*** Opening Source data ***
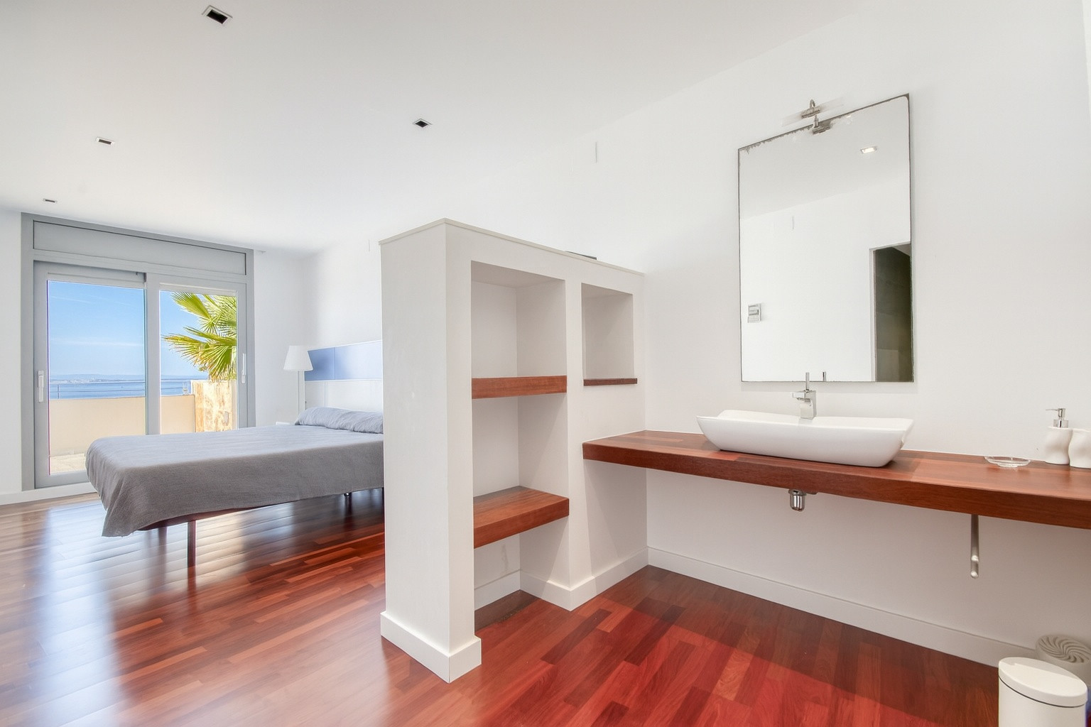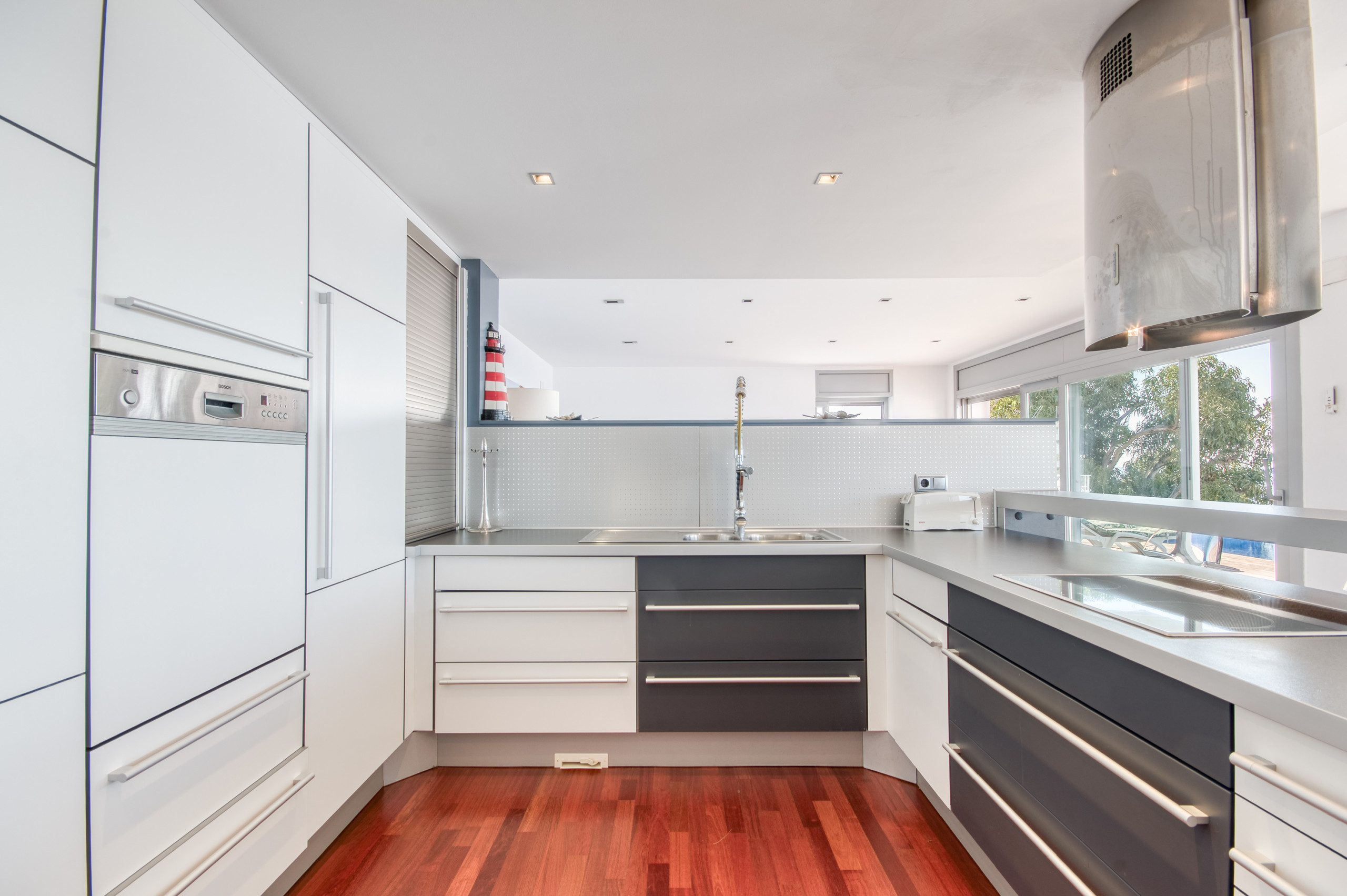Im Erdgeschoss befindet sich ein Schlafzimmer mit Doppelbett, ein komplettes Badezimmer, eine amerikanische Küche mit hochwertigen Oberflächen, in der Sie eine Paella mit Meerblick kochen und sich im geräumigen Wohn-Esszimmer mit einem großen Pflanzenschirm ausruhen können. Auf derselben Etage befindet sich die tadellose Terrasse mit mehreren Liegen zum Sonnenbaden, ein herrlicher Infinity-Pool und ein Bereich für Glutliebhaber mit einem hochmodernen Weber-Gasgrill.
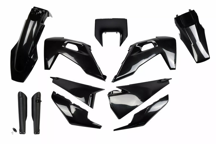 Replace all your plastic at once, oem matches stock bike colors; All Black, All White and Other Colors Also available, Molded-in Colored Parts Won メ T Show a Different Color When Scratched, Predrilled Pieces Mount Easily to Stock, Complete Body Kits Include Front and Rear Fender, Radiator Cover, Radiator Cover
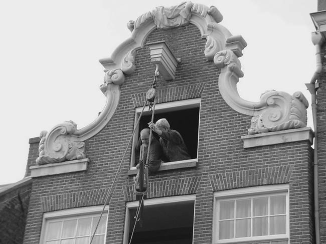 Кроме красивых узорчатых фронтонов, у каждого дома были просторные окна и непременный блок в чердачном окне. Подъемный механизм в таких домах просто необходим по той причине, что лестницы в них настолько узкие, что любую крупную вещь приходится поднимать на блоке и подавать в квартиру через окно.
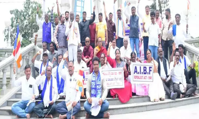 ಮೈಸೂರು, ಆ.13 : ಬುದ್ಧಗಯಾ ಮಹಾ ಬೋಧಿ ಮಹಾ ವಿಹಾರ ಮುಕ್ತಿ ಆಂದೋಲನ ಸಮಿತಿ ವತಿಯಿಂದ 1949ರ ಬುದ್ದಗಯಾ ಟೆಂಪಲ್ ಕಾಯ್ದೆ ರದ್ದತಿ ಮತ್ತು ಬಿಹಾರದಲ್ಲಿರುವ ಬುದ್ಧಗಯಾ ಮಹಾಬೋಧಿ ಮಹಾವಿಹಾರ ಸಂಪೂರ್ಣ ಬೌದ್ಧರ ಆಡಳಿತಕ್ಕೆ ಒಳಪಡಿಸಲು ಒತ್ತಾಯಿಸಿ ಪುರಭವನದ ಡಾ.ಬಿ.ಆರ್.ಅಂಬೇಡ್ಕರ್ ಪ್ರತಿಮೆ ಬಳಿ ಬುಧವಾರ ಧರಣಿ ನಡೆಯಿತು.
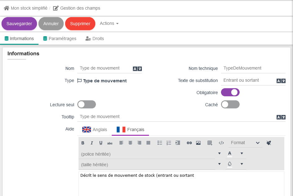 De ce fait, nous allons définir les champs "Article", "Quantité" et "Mouvement de stock".
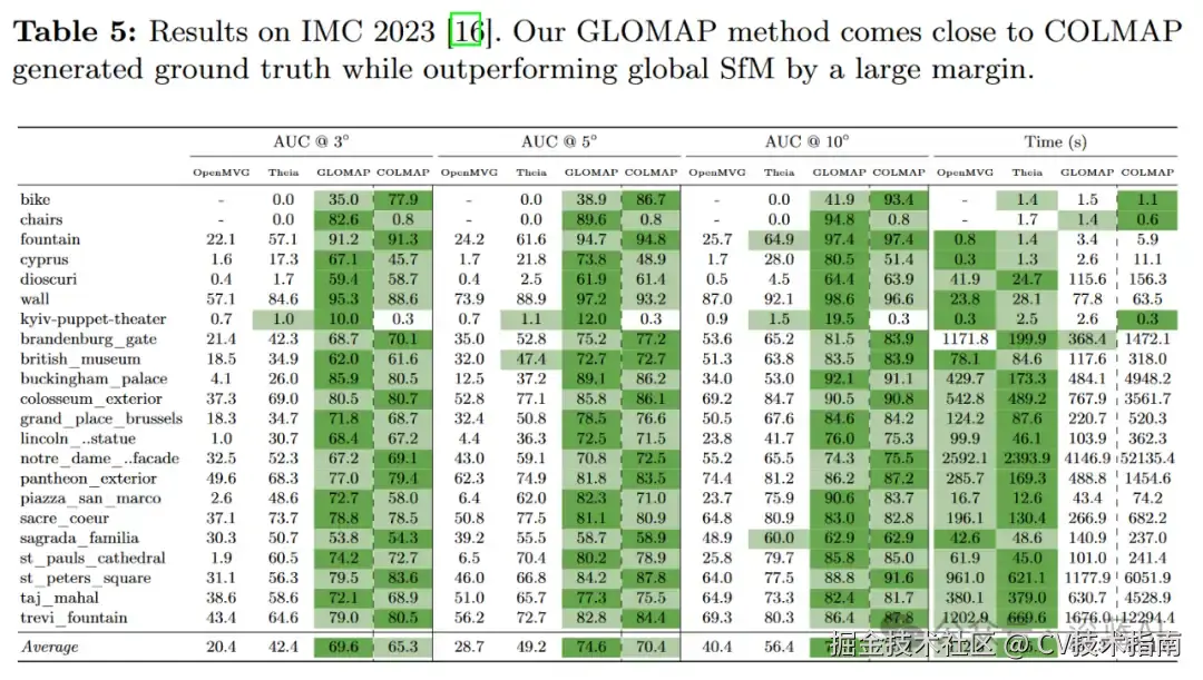 IMC 2023包含在复杂场景中unordered(无序)的图像集合。图像来自多个来源,通常缺乏先前的相机内参。结果如表5所示。GLOMAP在3°、5°和10°下的平均AUC分数比其他全局SfM基线高出几倍。运行时间与其他全局SfM流程相似。与COLMAP相比,所提方法在3°、5°和10° 下的AUC分数高出约4分,并且速度快约8倍。
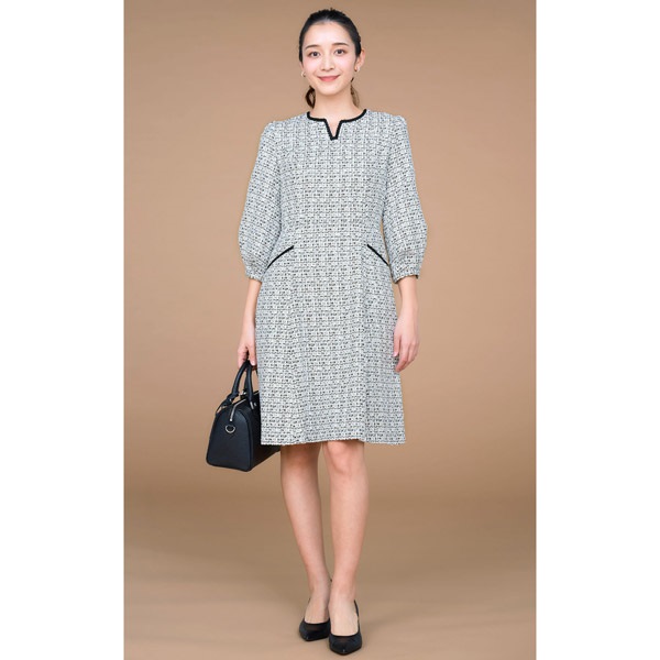 着るだけで華やかさを演出してくれるファンシーツイードの七分丈ワンピース。首元とポケットにあしらったブレードのテープがさり気ないアクセントになっています。首元のカットデザインが抜け感をプラス。袖はボリュームのあるパフスリーブで可愛らしい印象に仕上げました。ややゆったりとしたAラインシルエットですが、スタイルアップして見えるよう、高めのウエスト切り替え位置と、短すぎないミニ丈のバランスにこだわりました。ポケット付きも嬉しいポイント。普段使いはもちろん、オケージョンシーンにもおすすめです。
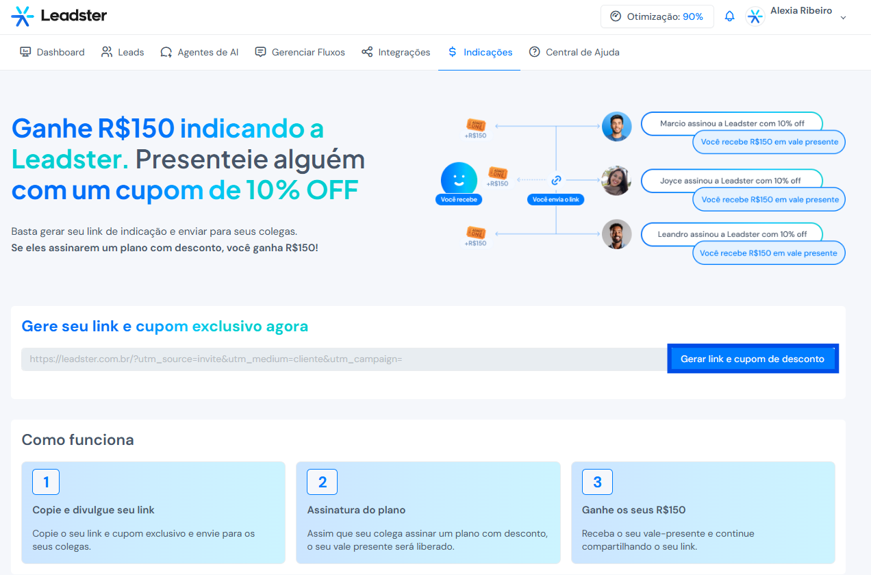 Agora você pode indicar a Leadster para outras empresas e ganhar R$150 em vale-presente a cada nova assinatura realizada com o seu link!
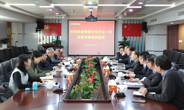 范陽董事長首先代表國貿(mào)集團(tuán)及安糧集團(tuán)對朱丹副廳長一行的到訪表示熱烈歡迎,并簡要介紹了安糧集團(tuán)的基本情況及組織架構(gòu)。安糧集團(tuán)曹訓(xùn)立董事長向朱丹副廳長一行匯報了今年安糧外貿(mào)業(yè)務(wù)經(jīng)營情況、2020年進(jìn)出口形勢預(yù)判及目標(biāo)任務(wù),以及進(jìn)出口業(yè)務(wù)所面臨的問題、外貿(mào)政策建議等情況。公司其他領(lǐng)導(dǎo)則就外貿(mào)便利化、貿(mào)易摩擦、外匯管理、走出去等具體業(yè)務(wù)需求作了補(bǔ)充發(fā)言。
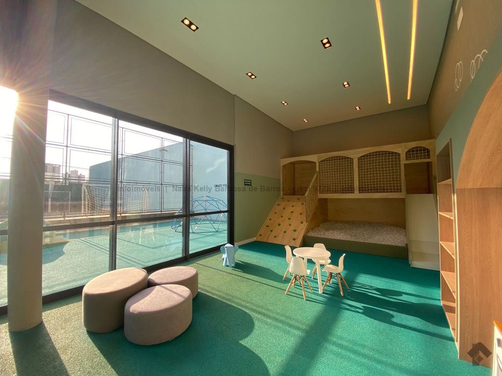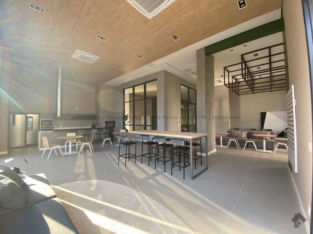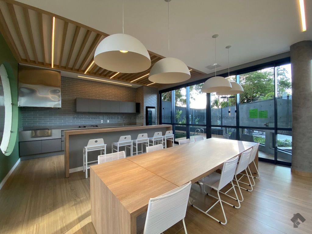 Ampla área de lazer com pet place. São três quartos, sendo uma suíte com pia dupla, lavabo, sala integrada com a cozinha, lavanderia ao lado, churrasqueira na sacada e duas vagas cobertas lado a lado.
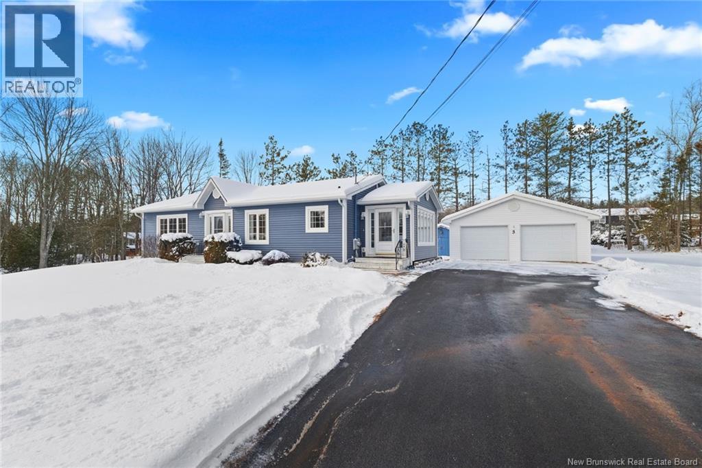 Welcome to this beautifully maintained 3-bedroom, 2-bath bungalow located in the sought-after Smith Subdivision on the edge of Oromocto. Set on a rare 1-acre lot, this property offers the unique benefit of a private well with municipal sewage. Pride of ownership is evident throughout, with the home having been meticulously cared for and thoughtfully updated with vinyl siding and windows. The main level features three bedrooms and a full bath, a bright eat-in kitchen with an abundance of beautiful cabinetry, and a welcoming living room with well-kept hardwood floors. A bonus sunroom with large windows provides a perfect space to relax and enjoy the surrounding property. The lower level offers a spacious family room with a cozy propane stove, a second full bathroom, a large laundry area complete with laundry tub and counter space, and plenty of storage. Additional highlights include a double detached garage, ductless heat pumps on both levels, central vacuum, water conditioner, generator panel, and ample storage throughout. A rare opportunity to own a move-in-ready home on a generous lot in a desirable location. (id:6289)
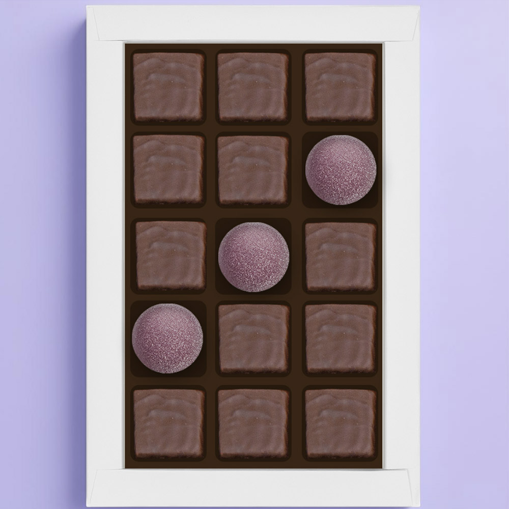 Конфеты «Суфле» в горьком шоколаде ( ванильное), мармелад желейный со вкусом «Голубика»
*** Closing Source data ***
> **Task prompt**: Each line of the data is to be duplicated exactly; pictures stay out of the copy.

> **Result for this task**:
Im Erdgeschoss befindet sich ein Schlafzimmer mit Doppelbett, ein komplettes Badezimmer, eine amerikanische Küche mit hochwertigen Oberflächen, in der Sie eine Paella mit Meerblick kochen und sich im geräumigen Wohn-Esszimmer mit einem großen Pflanzenschirm ausruhen können. Auf derselben Etage befindet sich die tadellose Terrasse mit mehreren Liegen zum Sonnenbaden, ein herrlicher Infinity-Pool und ein Bereich für Glutliebhaber mit einem hochmodernen Weber-Gasgrill.
 Replace all your plastic at once, oem matches stock bike colors; All Black, All White and Other Colors Also available, Molded-in Colored Parts Won メ T Show a Different Color When Scratched, Predrilled Pieces Mount Easily to Stock, Complete Body Kits Include Front and Rear Fender, Radiator Cover, Radiator Cover
 Кроме красивых узорчатых фронтонов, у каждого дома были просторные окна и непременный блок в чердачном окне. Подъемный механизм в таких домах просто необходим по той причине, что лестницы в них настолько узкие, что любую крупную вещь приходится поднимать на блоке и подавать в квартиру через окно.
 ಮೈಸೂರು, ಆ.13 : ಬುದ್ಧಗಯಾ ಮಹಾ ಬೋಧಿ ಮಹಾ ವಿಹಾರ ಮುಕ್ತಿ ಆಂದೋಲನ ಸಮಿತಿ ವತಿಯಿಂದ 1949ರ ಬುದ್ದಗಯಾ ಟೆಂಪಲ್ ಕಾಯ್ದೆ ರದ್ದತಿ ಮತ್ತು ಬಿಹಾರದಲ್ಲಿರುವ ಬುದ್ಧಗಯಾ ಮಹಾಬೋಧಿ ಮಹಾವಿಹಾರ ಸಂಪೂರ್ಣ ಬೌದ್ಧರ ಆಡಳಿತಕ್ಕೆ ಒಳಪಡಿಸಲು ಒತ್ತಾಯಿಸಿ ಪುರಭವನದ ಡಾ.ಬಿ.ಆರ್.ಅಂಬೇಡ್ಕರ್ ಪ್ರತಿಮೆ ಬಳಿ ಬುಧವಾರ ಧರಣಿ ನಡೆಯಿತು.
 De ce fait, nous allons définir les champs "Article", "Quantité" et "Mouvement de stock".
 IMC 2023包含在复杂场景中unordered(无序)的图像集合。图像来自多个来源,通常缺乏先前的相机内参。结果如表5所示。GLOMAP在3°、5°和10°下的平均AUC分数比其他全局SfM基线高出几倍。运行时间与其他全局SfM流程相似。与COLMAP相比,所提方法在3°、5°和10° 下的AUC分数高出约4分,并且速度快约8倍。
 着るだけで華やかさを演出してくれるファンシーツイードの七分丈ワンピース。首元とポケットにあしらったブレードのテープがさり気ないアクセントになっています。首元のカットデザインが抜け感をプラス。袖はボリュームのあるパフスリーブで可愛らしい印象に仕上げました。ややゆったりとしたAラインシルエットですが、スタイルアップして見えるよう、高めのウエスト切り替え位置と、短すぎないミニ丈のバランスにこだわりました。ポケット付きも嬉しいポイント。普段使いはもちろん、オケージョンシーンにもおすすめです。
 Agora você pode indicar a Leadster para outras empresas e ganhar R$150 em vale-presente a cada nova assinatura realizada com o seu link!
 范陽董事長首先代表國貿(mào)集團(tuán)及安糧集團(tuán)對朱丹副廳長一行的到訪表示熱烈歡迎,并簡要介紹了安糧集團(tuán)的基本情況及組織架構(gòu)。安糧集團(tuán)曹訓(xùn)立董事長向朱丹副廳長一行匯報了今年安糧外貿(mào)業(yè)務(wù)經(jīng)營情況、2020年進(jìn)出口形勢預(yù)判及目標(biāo)任務(wù),以及進(jìn)出口業(yè)務(wù)所面臨的問題、外貿(mào)政策建議等情況。公司其他領(lǐng)導(dǎo)則就外貿(mào)便利化、貿(mào)易摩擦、外匯管理、走出去等具體業(yè)務(wù)需求作了補(bǔ)充發(fā)言。
 Ampla área de lazer com pet place. São três quartos, sendo uma suíte com pia dupla, lavabo, sala integrada com a cozinha, lavanderia ao lado, churrasqueira na sacada e duas vagas cobertas lado a lado.
 Welcome to this beautifully maintained 3-bedroom, 2-bath bungalow located in the sought-after Smith Subdivision on the edge of Oromocto. Set on a rare 1-acre lot, this property offers the unique benefit of a private well with municipal sewage. Pride of ownership is evident throughout, with the home having been meticulously cared for and thoughtfully updated with vinyl siding and windows. The main level features three bedrooms and a full bath, a bright eat-in kitchen with an abundance of beautiful cabinetry, and a welcoming living room with well-kept hardwood floors. A bonus sunroom with large windows provides a perfect space to relax and enjoy the surrounding property. The lower level offers a spacious family room with a cozy propane stove, a second full bathroom, a large laundry area complete with laundry tub and counter space, and plenty of storage. Additional highlights include a double detached garage, ductless heat pumps on both levels, central vacuum, water conditioner, generator panel, and ample storage throughout. A rare opportunity to own a move-in-ready home on a generous lot in a desirable location. (id:6289)
 Конфеты «Суфле» в горьком шоколаде ( ванильное), мармелад желейный со вкусом «Голубика»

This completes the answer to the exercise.